Hukuki.NET


Yargıtay içtihatları bölümü

Yargıtay Kararı

 


T.C
Y A R G I T A Y
Dokuzuncu Hukuk Dairesi

	E.	1992/9380
	K.	1992/9273
	T.	7.9.1992

*  TOPLU İŞ SÖZLEŞMESİ 
*  GREV VE LOKAVT

ÖZET : Greve katılan işçilerle ve katılmayan veya katılmaktan vazgeçen
 işçilerin öncelikle mahkemece belirlenmesi, katılmayan işçilerin grevden önce
 ürettikleri malların ve gerekirse bilirkişi aracılığı ile saptanması, şayet
 mümkün görülmüyorsa, greve katılan ve katılmayan işçilerin oranlarına göre
 belirlenmesi yoluna gidilmesi ve böylece greve katılmayan veya katılmaktan
 vazgeçen işçilerin ürettiği malların işyeri dışına çıkarılabileceğinin
 tesbitine karar verilmelidir.

(2822 s.

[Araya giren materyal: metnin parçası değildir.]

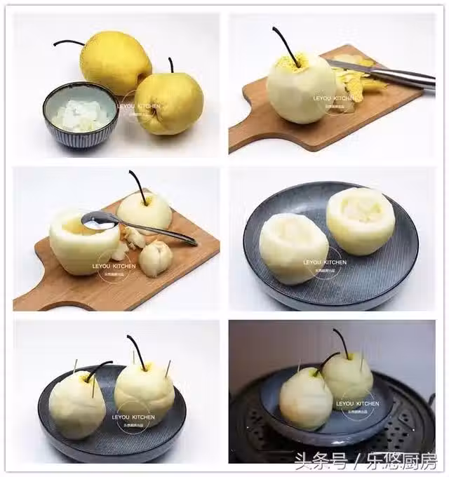 第六步:放入蒸鍋中蒸45分鐘左右即可。(蒸好後還可以往梨中放一點枸杞,然後再燜5-10分鐘,味道更好哦)
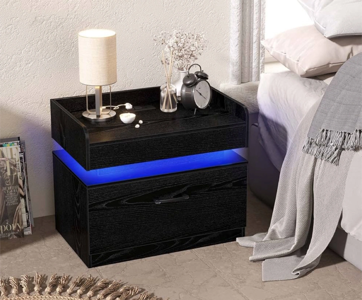 The color of the light strip is variable according to needs and scenes. The bedside nightstand comes with beautiful Multi-colour RGB LED backlight. It will look more beautiful when the light is in the dark. The beautiful LED light will make your home looks more modern and fashionable.
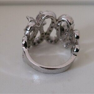 vintage 925 silver cubic zirconia & spinel floral wavy ring size 5.5
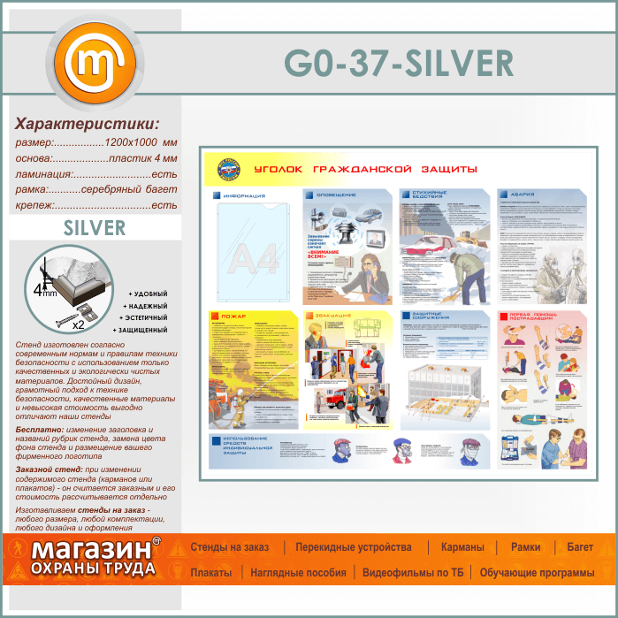 Стенд «Уголок гражданской защиты» с карманом (GO-37-SILVER) в Кызыле купить

TSK. m. 38, 43)

C....... Metal Sanayi ve Ticaret AŞ. adına Avukat Necati ile T. Otomobil İş
 Sendikası adına Avukat Ertuğrul aralarındaki dava hakkında, (Kocaeli Birinci
 İş Mahkemesi)nden verilen 22.6.1992 günlü ve 240/189 sayılı hüküm davalı
 avukatınca temyiz edilmiş olmakla; dosya incelendi, gereği konuşulup
 düşünüldü:

Davacı vekili; müvekkili şirketle davalı sendika arasındaki toplu iş
 sözleşmesi görüşmelerinde anlaşma sağlanamadığı için sendikaca grev
 uygulamasına geçildiğini, işyerinde tahmil-tahliye işlerinin taşaron bir
 firma tarafından yapılmakta olduğunu, müvekkili şirketin önceden ürettiği ve
 stoklarında mevcut malların daha evvel satılmasına rağmen bu malların
 çıkarılmasının ve sevkinin sendika tarafından engellendiğini, sendikanın bu
 eyleminin 2822 sayılı Toplu İş Sözleşmesi, Grev ve Lokavt Kanunu'nun 25 ve
 38/3. maddelerine aykırı olduğunu ileri sürerek uygulanmakta olan grevin
 Kanun dışı olduğunun tesbitine karar verilmesini istemiştir.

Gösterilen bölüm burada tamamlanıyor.